Nearly one in three (31 per cent) of boards across the public and private sectors have not established or articulated what sort of corporate culture they want, according to the Chartered Institute of Internal Auditors.

It was also found that even when companies define their corporate culture many fail to check staff behaviour is reflecting the values. 

Just over a third (36 per cent) were found to follow up with employees. However, nearly 20 per cent of respondents said they would include cultural aspects in their audit work in the coming year.

Read more: UK banks have yet to address the elephant in the room

The financial services sector was found to be outperforming other industries when it comes to culture – put down to increased scrutiny of the industry following the financial crisis. 

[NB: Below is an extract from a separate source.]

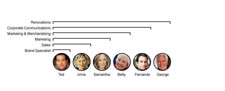 In the following examples, the Renovations company has assigned employees to the following user groups. Notice that many of the groups have other groups nested within them.

A whopping nine out of ten heads of internal audit at banks and other financial services firms surveyed reported that they currently analyse organisational culture in their audit plans. 

Earlier this year industry watchdog the Financial Conduct Authority (FCA) attracted criticism when it scrapped plans for probes into culture, pay and behaviour within the banking industry.

Ian Peters, chief executive of the Chartered Institute for Internal Auditors, said:

Managing culture is a vital issue for boards, to ensure not only that they are setting the right tone at the top, but that all employees are acting in accordance with the organisation’s ethics and values. 

Auditing culture is not an exact science. Many organisations struggle to define their culture, let alone incorporate it effectively into their risk evaluation and assurance processes. But it is essential that they do so.

As we have seen recently in the automotive and retail sectors, scandals can hit any industry, and whatever other factors come into play, culture always plays a significant role in the issue.

The research shows that the most popular methods for auditing culture are conducting interviews and behavioural observation and that common proxies used to audit culture include: staff surveys; whistleblowing activity; customer complaints handling, and the use of values statements.

Read more: Jail bankers for failure? The new criminal offence is an unworkable paper tiger

Audit chiefs also reported that reliance on their professional judgement and experience were key when auditing culture (85 per cent and 71 per cent of respondents to the survey respectively).

A separate report into corporate culture is set to be published by the auditing watchdog the Financial Reporting Council in July.